On both sides of the ball, the Beavers' ability to create a run game and stop the opponent's run will be the keys to the season.
A staunch defense and a further injection of Jim Harbaugh’s raw optimism will result in one more win than last season. Stanford has a very strong front seven on defense, and they finally have a decent offensive line to help their offense. The Cardinal lacks any offensive playmakers, including at quarterback, and the secondary will be spotty.
While it’s highly unlikely they will surprise USC or Cal again, this Stanford team will be more competitive and take another step forward in the Harbaugh rebuilding process.
Rick Neuheisel is just going to have to grin and bear it.

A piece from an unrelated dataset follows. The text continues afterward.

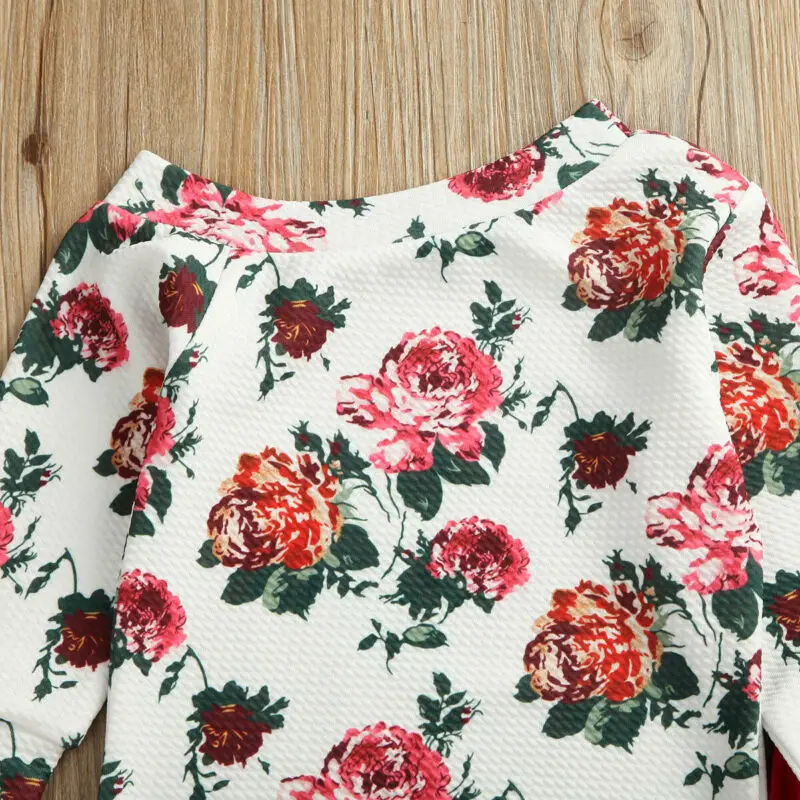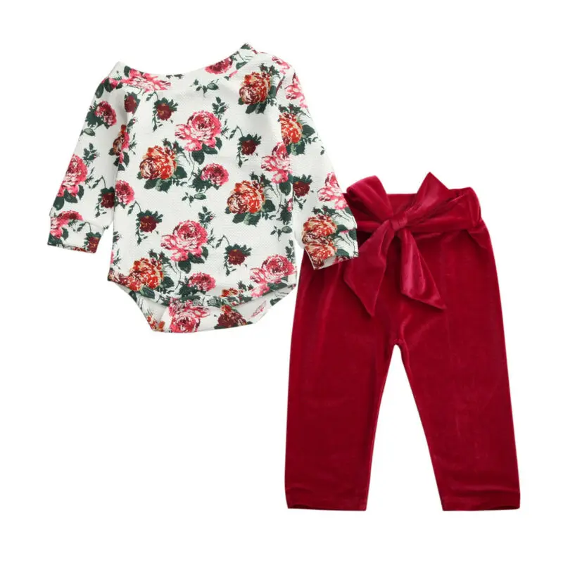 BEST QUALITY 0-24M infant baby girl clothes suit off shoulder long sleeve floral jumpsuit + comfortable velvet p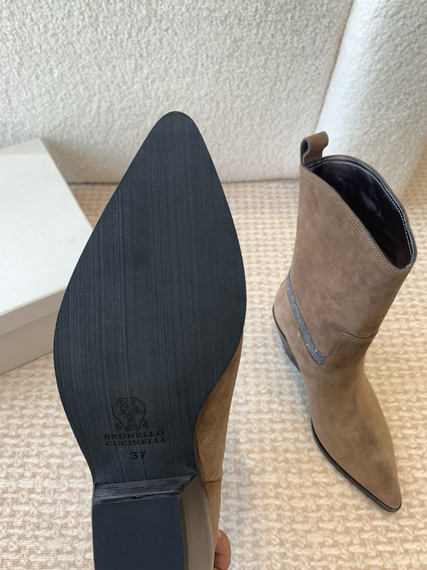 This shoes is AAAAA 1:1 quality (superb). Materials used are identical to the original ones. Brunello Cucinelli trademark marks are indistinguishable to the authentic. Photos take by actual shoes, what you receive will be 100% same with our photos.

Despite a stout defense, UCLA does not have enough to overcome the conference’s most anemic offense.
The Bruins' offensive line will be reminiscent of the groups Stanford put out under Buddy Teevens and Walt Harris. Look for sacks galore and a nonexistent running game. The talent and depth at QB is only marginally better, which will waste a strong corps of running backs and wide receivers.
The defense should keep games close, but that won’t be enough to keep UCLA solidly out of the bottom half in the conference.
A brutal schedule will eviscerate any hope Ty Willingham had of keeping his job. His Dawgs will play hard and smart, but that won’t be enough to overcome a lack of talent. Jake Locker is an absolute stud at QB, but injuries and a lack of playmakers around him will dull his impact.
The defense is more talented than last year's group but is very young.
Given UW’s recruiting momentum, Willingham would turn this around in another year, but the UW faithful don’t have the patience.
Look for a better than expected offensive performance and an every bit as bad as advertised defense from the Cougars. They will upset a couple of folks at home but will endure some bad beatings on the road.
New coach Paul Wullf will improve this team's discipline and consistency, but unless he can recruit, he may have a short stay in Pullman.